Inhibition Of Semaphorin 3a Signaling Promotes Regeneration Of Hematopoietic Stem Cells And Their Bone Marrow Vascular Niche

Radiation injury damages both the bone marrow hematopoietic stem cell and its supportive endothelial niche. In response to radiation stress, bone marrow endothelial cells (BM ECs) upregulate expression of a gene, Sema3A, which encodes for the secreted protein, Semaphorin 3A (SEMA3A), and its receptor, Neuropilin 1 (Nrp1). Commensurate with this, we observed a substantial increase in SEMA3A protein levels in the BM of mice and in NRP1 expression on VE-cadherin+ BM ECs following 500 cGy total body irradiation (TBI) (p<0.001, p<0.0001). We also found that treatment of irradiated primary murine BM ECs with SEMA3A significantly increased BM EC apoptosis (p<0.01). Based on these results, we hypothesized that SEMA3A may be a negative regulator of BM vascular recovery following injury and that inhibition of SEMA3A/NRP1 signaling might accelerate BM vascular niche recovery following irradiation.
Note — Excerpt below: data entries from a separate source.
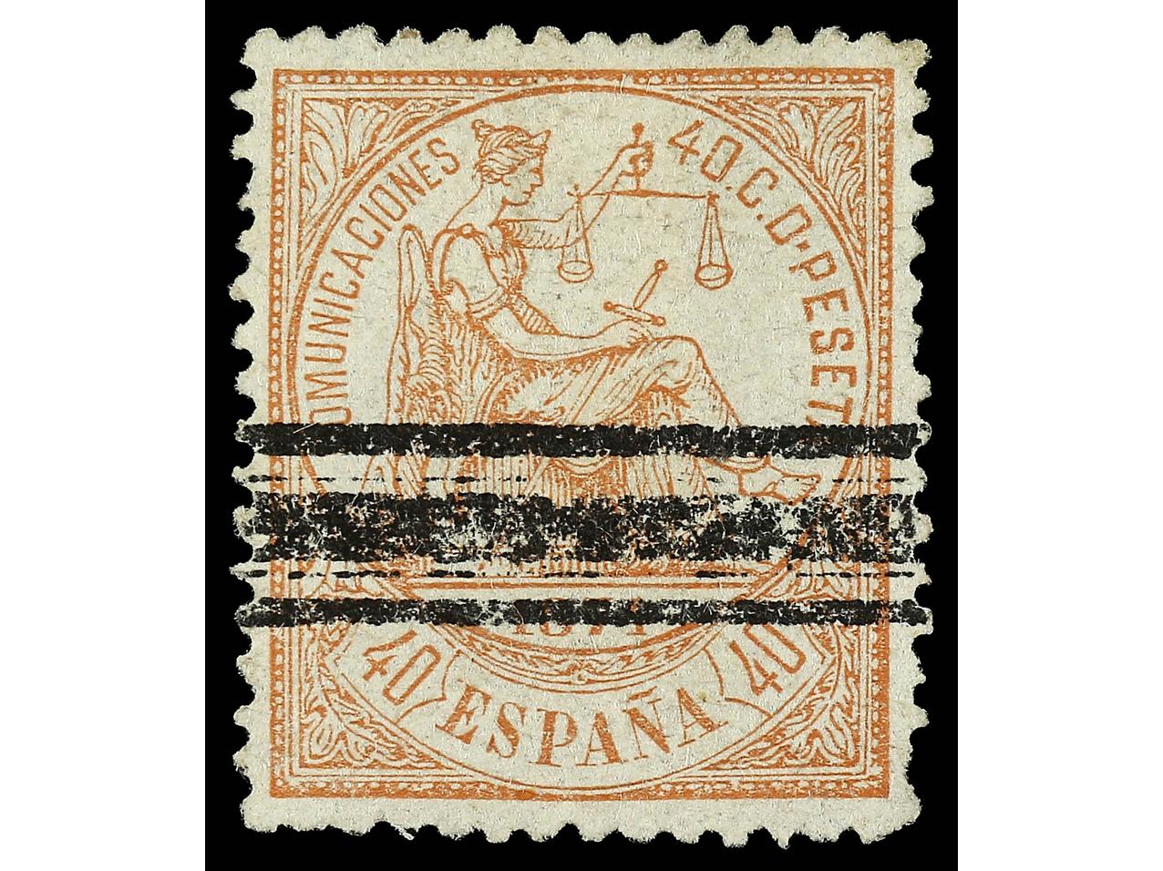 ESPAÑA. 40 cts. castaño ERROR DE COLOR, sello con el papel normal de la emisión y barrado. PIEZA EXCEPCIONAL, solo reseñado sobre papel cartón, de este ejemplar con el papel original del tiraje se conocen muy pocos ejemplares. Cert.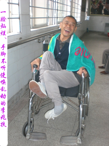2009年10月12日,在东林慈善安养院三楼走廊里,看到一个坐在轮椅里的残疾人,他一脸灿烂的笑吸引了我。我麻烦蔡师兄找出了他的入院资料:李兆扶,九江新塘乡铜泉村7组。脑炎后遗症导致瘫痪。每月靠150元低保金生活。10月7日接入安养院。我们的话题由此开始……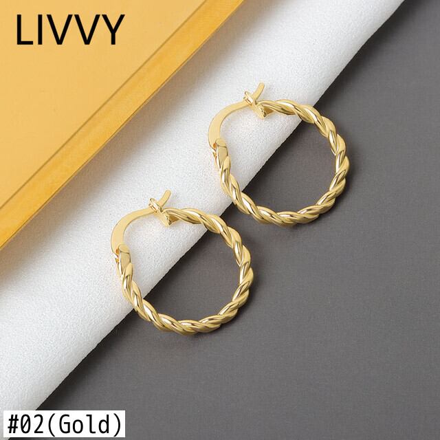 LIVVY シルバーカラーのシンプルなツイストロープ女性イヤリングアレルギー防止ジュエリー 2021 トレンド 指輪 銀 Liv87358937325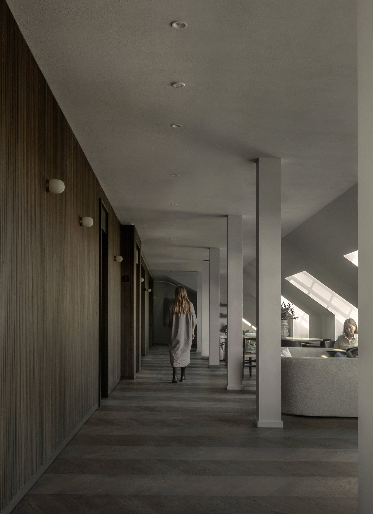 The existing building, which has many of the original and impressive structures preserved, has a close association with the historic Linden tree and was a major inspiration for Norm Architects. Designers know exactly how to accentuate this inner spiritual message in a way that is appropriate for the present.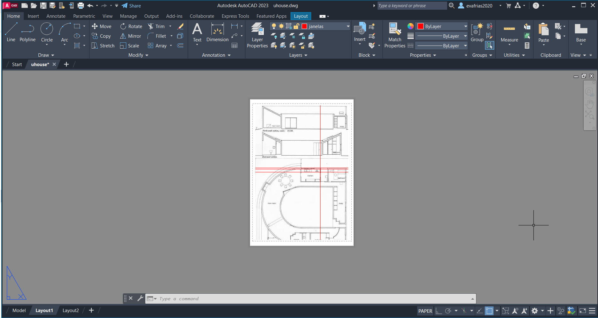Começo de um novo exercício com a planta do projeto White u House, de Toyo Ito. Escalámos a planta e inserímo-la numa folha A4 à escala 1/100.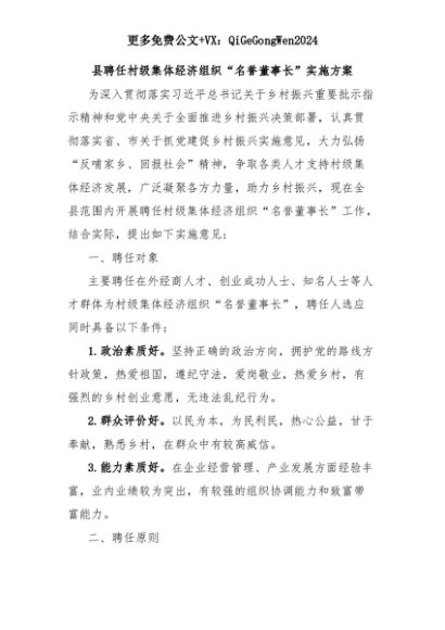 【七哥公文】2025年:县聘任村级集体经济组织“名誉董事长”实施方案+更多免费公文+VX:QiGeGongWen2024+更多免费公文+VX:QiGeGongWen2024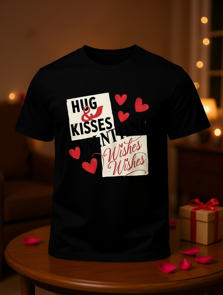 Valentine's Day T-Shirt Men Large 100% Cotton Soft Breathable Hug Kiss Heart Design Casual O-Neck Short Sleeve Printed Jersey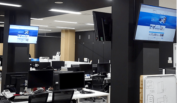 部内周知の手段として、従来のメールやミーティングに加え、メンバー全員に漏れなくタイムリーに情報を伝えるために、サイネージを活用しています。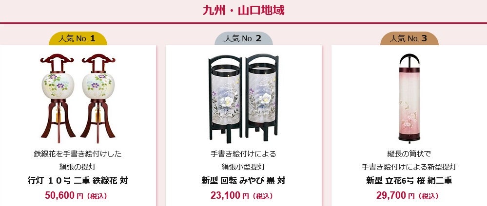 お仏壇・墓石の販売、屋内墓苑の受託販売を手がける株式会社はせがわ(本社:福岡・東京、代表取締役社長:新貝 三四郎)は、2022年のお盆提灯特設サイトに、地域別の人気商品を掲載いたしました。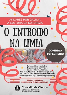 O Departamento de Cultura arranca este ano o Programa de Andares por Galicia, a cultura da Natureza cunha excursión ao Entroido na Limia o domingo 19 de febreiro, coincidindo co Domingo Corredoiro en Xinzo de Limia, onde aproveitaremos para facer unha visita guiada ao Museo do Entroido e viviremos en directo a presentación das Pantallas polas rúas deste municipio. O xantar será libre e, xa pola tarde, contamos cunha visita guiada ao Museo Etnográfico de Vilar de Santos.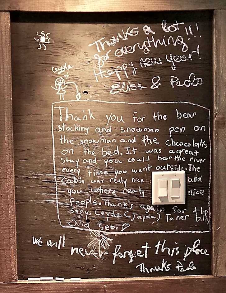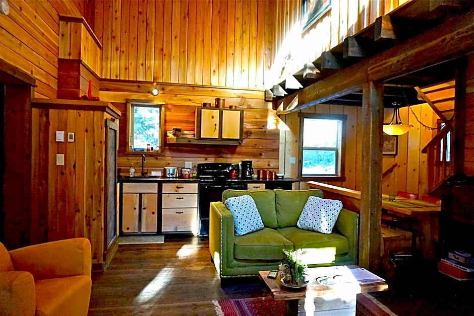 the cabin had that rustic look, and the sound of the little creek and birds. very peaceful place.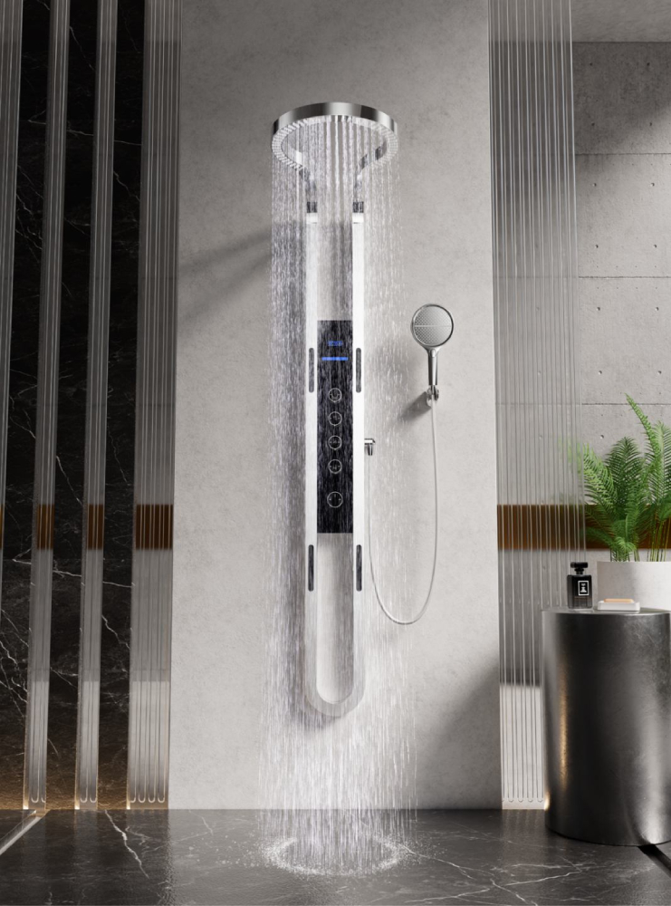 Waterfall halo shower post with jets,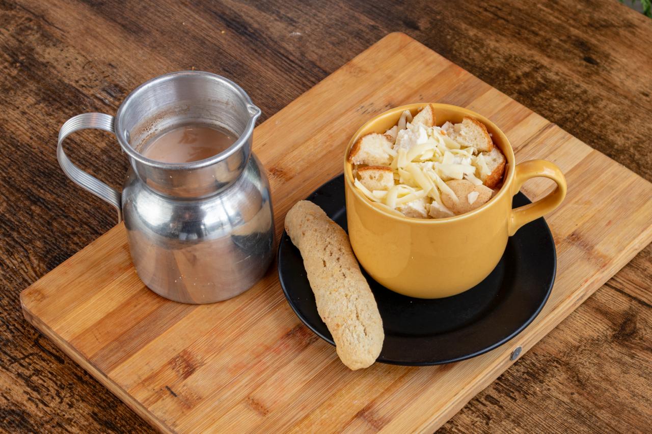Chocolate acompañado de migas de buñuelo, pandebono, palito de queso, queso cuajada, queso mozarella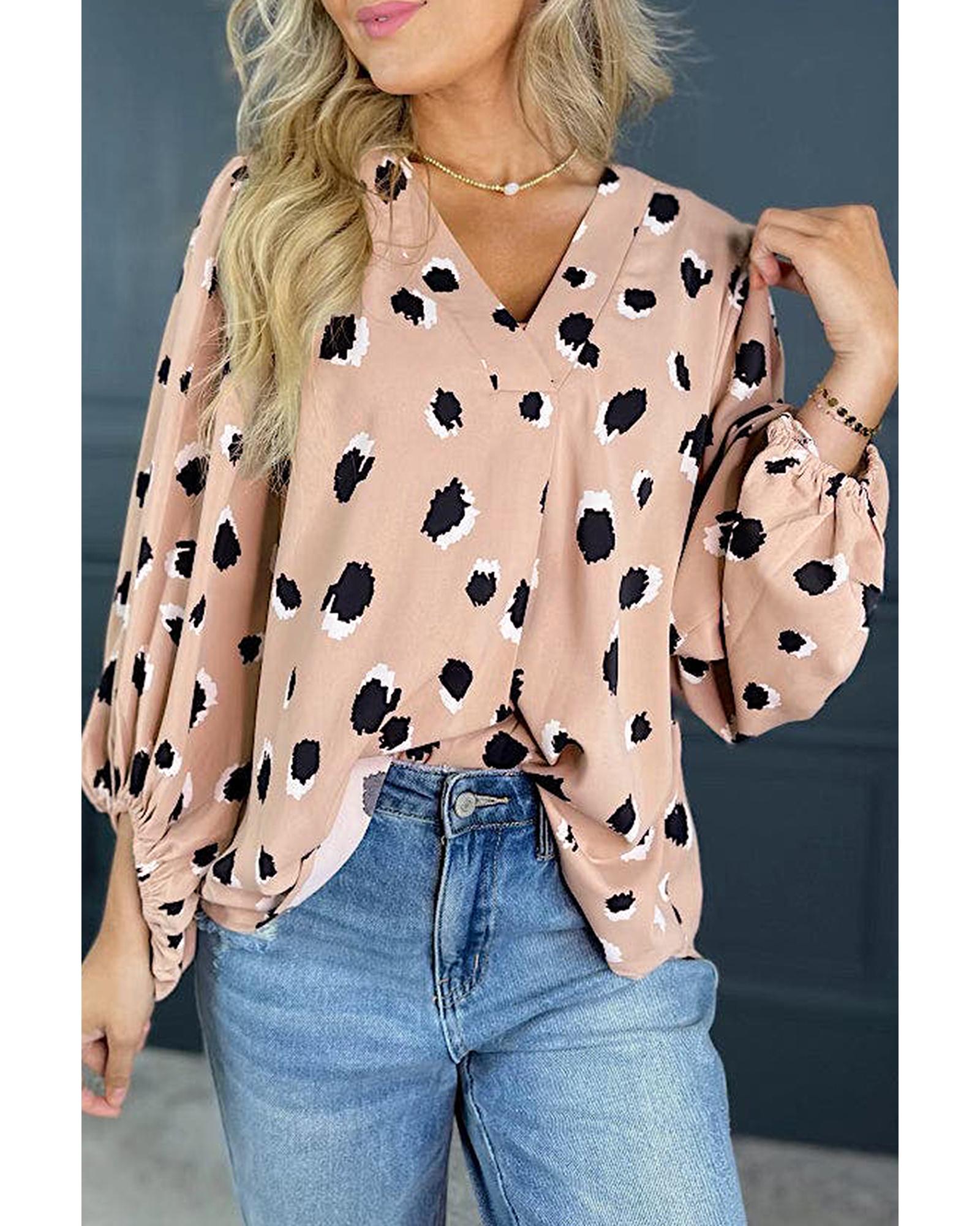Khaki Classic Leopard V Neck Bracelet Sleeve Blouse – S

In keeping with this hypothesis, we found that a single systemic administration of 2 µg SEMA3A (IV) to C57BL/6 mice following 500 cGy TBI significantly increased BM EC apoptosis in vivo at 24 hours and also markedly decreased BM vascular integrity at 24 hours as measured by Evans Blue Dye extravasation in the BM (p<0.01, p<0.01). Interestingly, SEMA3A administration (IV, every other day) also significantly suppressed BM hematopoietic regeneration with decreased BM cell counts and BM ckit+sca-1+lin- (KSL) progenitor cell recovery at day +10 compared to irradiated, control mice (p=0.04, p=0.001).